Un día, uno de ellos, muy bromista, dijo por lo bajo al refugiado
que estaba contando los billetes:
—¿Su banquero le está aguardando a la salida
o en el café de la esquina?
Lo dijo, al parecer, con tanta benevolencia,
pues el funcionario no se tomaba estos requisitos demasiado en
serio, que al refugiado se le fue el miedo.

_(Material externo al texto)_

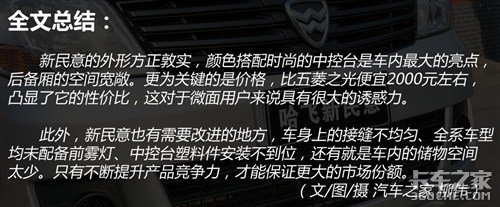 目前,哈飞新民意共有5款车型在售,搭载的都是1.0L汽油发动机,只是调校不同,分别为48马力和60马力。今天介绍的是使用高功率发动机的新民意1.0L基本型DA465QA(以下简称新民意),该车在石家庄地区的售价为2.79万元(因地区差异,各地报价可能存在差异),在全车系中处于中等档次。新民意外形方正敦实,轿车化的中控台采用了时尚的颜色搭配,后备厢空间比较宽敞,主要走的是实用路线。下面就看看它的具体表现。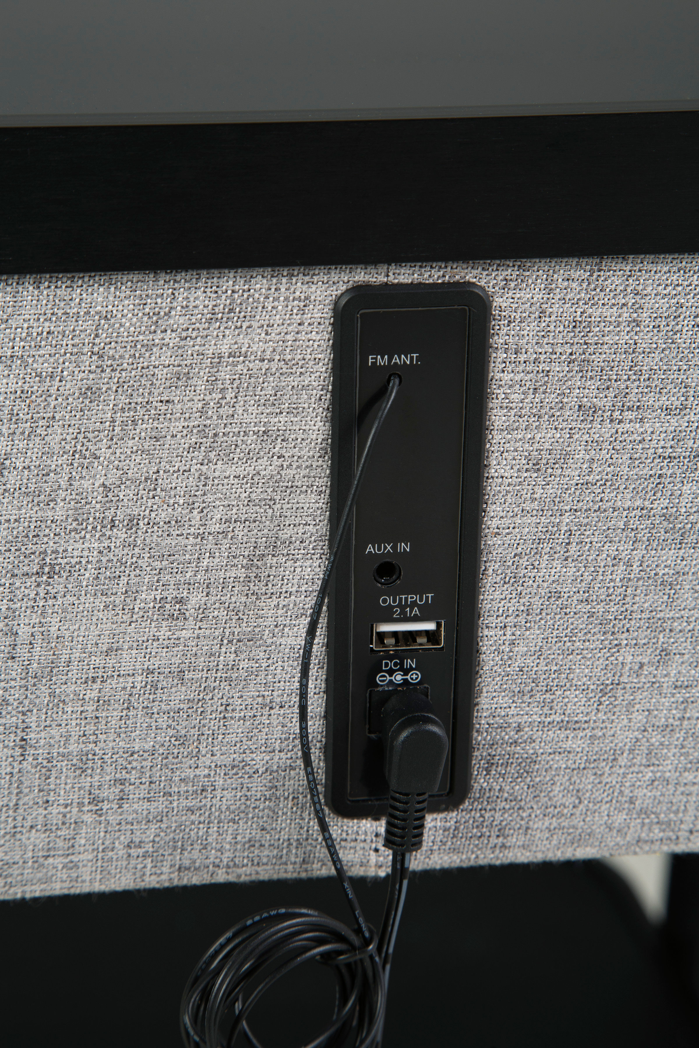 • Wireless connection; FM antenna; aux input; USB charging port

Solucionada de una manera u otra la cuestión
de los papeles en regla, entonces podíamos respirar... hasta el
vencimiento siguiente.
Durante esos intervalos, cada cual llevaba
una vida repleta de preocupaciones y de sufrimientos que no
disipaban ni el trabajo ni la alegría.
El fondo subyacente de aquella existencia
era la espera, bastidor sobre el que una esperanza cada vez más
pequeña y un pensamiento cada vez más sombrío bordaban juntos
arabescos nostálgicos.
Sobre esos colores oscuros destacaban a
veces matices más claros, como una alegría pasajera o una emoción
más dulce: la carta de los padres y de los amigos, o las noticias
provenientes de Suiza, de Suecia, de Norteamérica, países
milagrosos en los que la guerra no existía.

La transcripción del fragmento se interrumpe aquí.